With or without Roach, Pascal now returns to the toughman circuit to which Englishman Carl Froch remanded him seven years ago and whence Chad Dawson and Bernard Hopkins drafted him in 2010. Pascal is the sort of dark brute our nightmares convince us to favor in confrontations with wafers like Froch or Kovalev, but Pascal’s menace, much like Adonis Stevenson’s, is a cultivated superficiality, an amplifier of North American stereotypes more than a genuine bit of danger.
Froch was not menacing; Froch was a craftsman, a man who obsessed over manly comportment, found its purest manifestation in prizefighting, and obsessed over prizefighting. Froch wanted to be a great prizefighter and didn’t particularly care what pathway might get him there. Kovalev is a different thing entirely.
Were he not bludgeoning men with his fists, Kovalev would’ve done things vile enough to someone like Liam Neeson and his family for the subtext of “Taken” to have been Inspired by true events. Trainer emeritus Don Turner once used a telling word to describe Kovalev: mean. From Matthew the college professor or Sarah the barista, a word like that describing a professional fighter does not register, but from a man whose livelihood derives in large part from midwifing a will-to-cruelty in other men, the word is potent. The word manifests itself in the deadness of Kovalev’s countenance when he attacks – a predatory lack of empathy. Kovalev is more an athletic psychopath, more Sonny Liston, than an athlete who suspends his conscience to steal another man’s consciousness.
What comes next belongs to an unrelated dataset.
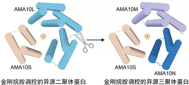 经过反复优化,研究团队成功研发出“双金刚烷胺诱导三聚体”蛋白dAIT17,其结构与设计模型高度吻合,在药物诱导下可形成稳定三聚体。在此基础上,团队进一步优化得到更灵敏的蛋白质dAIT17s,并创新开发出异源二聚体系统和异源三聚体——也就是让两个或三个不同的蛋白质“组队”,实现对不同类型蛋白质的精准组团调控。

After Pascal’s corner waved the white towel Saturday, Kovalev fumbled a bit with the straightening of his Krusher kap, and it sent the mind to no coordinate sharper than Juan Manuel Marquez a minute after he snatched the animating force from Manny Pacquiao – mounting the turnbuckle a length from Pacquiao’s stillmotionless body, and ensuring his bill was just so for the cameras. Marquez’s willingness to kill another man in the ring, though, was tempered slightly by a very deep Mexican prizefighting tradition, a decree from the elders like: Thou shalt not. Russian boxing, an amateur-only affair till the 1990s, a sportsman’s endeavor performed with pillowy gloves and headgear till Kovalev was at least 10 years-old, has no such tether for its current practitioners.
Which means Andre Ward’s undefeated record, nay his life, is in jeopardy! Not so fast.
Kovalev is a very good 175-pound prizefighter. Andre Ward is a great 168-pound prizefighter. If Ward is not quite mean as Kovalev, he’s resentful as hell, distrustful, and unafraid to lead with his head or hit a man low if the moment warrants it. For all his menace and horror of intention, Kovalev barely dented a 50-year-old Bernard Hopkins in 36 minutes of trying. Anyone who thinks Kovalev is going to krush a 31-year-old version of Hopkins needs to start muting his HBO telecasts.